La menace terroriste NRBC en mer est une hypothèse sérieuse qu’on ne peut plus exclure. Cela oblige à prendre des mesures en s’appuyant sur des conventions internationales contraignantes. La France se veut très présente et active sur ce dossier sensible.
La lutte contre le terrorisme NRBC en mer
The Fight Against CBRN Terrorism at Sea
A terrorist CBRN threat at sea is a serious supposition that can no longer be ignored. To accommodate it will mean taking measures based on international conventions, but within their constraints, too. France seeks to be a present and active contributor to this sensitive matter.

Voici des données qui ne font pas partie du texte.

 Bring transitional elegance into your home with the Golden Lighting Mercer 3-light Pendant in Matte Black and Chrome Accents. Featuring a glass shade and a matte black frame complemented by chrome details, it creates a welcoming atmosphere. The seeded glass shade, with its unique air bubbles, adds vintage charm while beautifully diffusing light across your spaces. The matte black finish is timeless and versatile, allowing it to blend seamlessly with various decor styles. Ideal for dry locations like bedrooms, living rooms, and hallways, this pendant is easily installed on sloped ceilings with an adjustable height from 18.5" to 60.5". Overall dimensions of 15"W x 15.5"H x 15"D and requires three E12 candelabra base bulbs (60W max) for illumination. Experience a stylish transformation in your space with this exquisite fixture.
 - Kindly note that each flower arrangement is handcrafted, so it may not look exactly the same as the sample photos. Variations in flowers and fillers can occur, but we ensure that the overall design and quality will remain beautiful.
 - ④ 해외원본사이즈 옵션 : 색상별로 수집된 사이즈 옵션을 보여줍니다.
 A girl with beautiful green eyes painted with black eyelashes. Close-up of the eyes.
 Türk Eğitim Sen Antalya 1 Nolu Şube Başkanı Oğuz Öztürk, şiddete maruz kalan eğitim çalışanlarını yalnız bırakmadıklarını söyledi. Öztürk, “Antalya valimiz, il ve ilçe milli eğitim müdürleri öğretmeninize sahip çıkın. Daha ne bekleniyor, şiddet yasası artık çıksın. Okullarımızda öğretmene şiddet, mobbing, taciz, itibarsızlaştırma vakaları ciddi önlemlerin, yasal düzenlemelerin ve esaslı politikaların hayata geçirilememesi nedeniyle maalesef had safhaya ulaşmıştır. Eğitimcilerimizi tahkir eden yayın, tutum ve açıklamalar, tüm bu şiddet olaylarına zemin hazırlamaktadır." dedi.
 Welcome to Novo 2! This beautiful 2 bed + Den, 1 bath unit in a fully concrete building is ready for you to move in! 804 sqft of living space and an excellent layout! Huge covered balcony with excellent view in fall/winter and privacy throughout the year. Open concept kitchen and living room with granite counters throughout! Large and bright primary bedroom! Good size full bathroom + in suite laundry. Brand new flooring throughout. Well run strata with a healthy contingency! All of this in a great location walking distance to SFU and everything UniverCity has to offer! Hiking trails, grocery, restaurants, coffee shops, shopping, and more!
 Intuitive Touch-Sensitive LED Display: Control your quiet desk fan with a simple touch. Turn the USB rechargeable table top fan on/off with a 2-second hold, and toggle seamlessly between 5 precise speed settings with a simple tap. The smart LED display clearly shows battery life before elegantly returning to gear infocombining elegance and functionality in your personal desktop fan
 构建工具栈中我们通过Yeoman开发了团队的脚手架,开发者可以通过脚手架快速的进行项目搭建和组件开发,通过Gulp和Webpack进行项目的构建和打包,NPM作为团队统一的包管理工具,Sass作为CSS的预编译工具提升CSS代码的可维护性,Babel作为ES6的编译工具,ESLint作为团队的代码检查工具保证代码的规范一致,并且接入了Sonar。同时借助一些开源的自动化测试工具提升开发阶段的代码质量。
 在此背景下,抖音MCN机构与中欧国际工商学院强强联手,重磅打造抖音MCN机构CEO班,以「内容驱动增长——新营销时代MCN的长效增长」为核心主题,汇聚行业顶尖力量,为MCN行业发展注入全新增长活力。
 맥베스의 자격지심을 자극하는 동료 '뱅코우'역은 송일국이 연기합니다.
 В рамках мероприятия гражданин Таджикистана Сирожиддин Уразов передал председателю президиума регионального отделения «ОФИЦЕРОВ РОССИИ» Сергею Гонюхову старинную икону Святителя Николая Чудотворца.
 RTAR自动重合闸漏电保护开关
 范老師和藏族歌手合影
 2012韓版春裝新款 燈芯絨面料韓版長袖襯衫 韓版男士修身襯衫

En l’espace de trois mois, la France a adopté deux textes permettant de renforcer la lutte contre les risques nucléaire, radiologique, biologique et chimique (NRBC) en mer. Le 17 novembre 2017, le Parlement a définitivement adopté le projet de loi (1) autorisant la ratification du protocole relatif à la convention pour la répression d’actes illicites contre la sécurité de la navigation maritime (SUA 2005). Le 19 février 2018, c’est le secrétaire général de la mer (par délégation du Premier ministre) qui prend une instruction relative à la mise en œuvre de la capacité nationale de renfort pour les interventions à bord des navires (Capinav) (2). Ces deux textes permettent d’organiser, entre autres, la réponse à un déversement intentionnel de substances dangereuses ou nocives en mer, ou d’incriminer le transport maritime illégal de ces produits. L’instruction ministérielle renforce les moyens ouverts à la Capinav et inscrit expressément dans le champ couvert par les contrats opérationnels les risques technologiques – NRBC quand la Convention SUA 2005 crée une nouvelle incrimination contre ce qui apparaît comme une action de terrorisme écologique.
La menace est réelle. Dans son étude prospective Chocs futurs (3), le Secrétariat général de la défense et de la sécurité nationale (SGDSN) pointe « la volonté manifeste de certains groupes terroristes d’acquérir tout type de substances nucléaire, radiologique, biologique et chimique », plaçant ainsi la menace NRBC parmi les plus importantes à l’horizon 2030. Il s’appuie pour cela sur l’analyse des derniers attentats dont la liste démontre une acquisition continuelle de capacités NRBC (4). Par ailleurs, on sait que, au temps de son hégémonie, la nébuleuse Al-Qaïda a montré un intérêt manifeste pour ce type d’armes, intérêt porté par le chimiste égyptien Midhat Mursi-al Sayid tué en 2008 par un tir de missile d’origine américaine. L’État islamique se serait, quant à lui, procuré des armes chimiques remises par des déserteurs du mouvement islamique al-Nosra (5). Cette menace est prise au sérieux depuis quelques années par les autorités françaises : Manuel Valls, alors Premier ministre, évoquait « le risque d’armes chimiques ou bactériologiques » (6) lors de l’examen de la prolongation de l’État d’urgence à la suite des attentats de Paris et de Saint-Denis en novembre 2015. En 2013 déjà, le Livre blanc sur la défense et la sécurité nationale évaluait la menace et cherchait à l’analyser dans une approche globale (7). La question de la menace d’une attaque NRBC, aujourd’hui cantonnée à la terre, se posera immanquablement en mer sous l’effet d’un double facteur : on sait que les attentats terroristes maritimes suivent le plus souvent à quelques années près le schéma des attentats terrestres (8) et des signaux sporadiques indiquent des velléités des groupes terroristes djihadistes de se doter de capacités navales. Ainsi, un jeune officier de la marine marchande britannique, Ali Alosaimi, a rejoint les rangs de l’État islamique rappelant que le prochain théâtre d’opérations pourrait être maritime, quand on sait qu’Al-Qaïda avait en son temps mis sur pied une section djihad maritime (attentat contre les destroyer USS Cole le 12 octobre 2000 et le pétrolier Limburg le 6 octobre 2002) et que l’État islamique a indiqué son intention d’utiliser la mer au moins comme vecteur de déplacements.
Dans ce contexte, pourtant, se pose la question de l’utilité de la ratification par la France de la convention SUA 2005. Elle semble en effet, d’un point de vue juridique, ne pas être absolument nécessaire à l’incrimination, en droit français, des déversements volontaires de substances polluantes en mer. D’un point de vue politique, en revanche, il s’agit d’un signe majeur envoyé aux opérateurs maritimes français et plus largement à la société au moment où la France s’est dotée d’une nouvelle législation antiterroriste renforcée.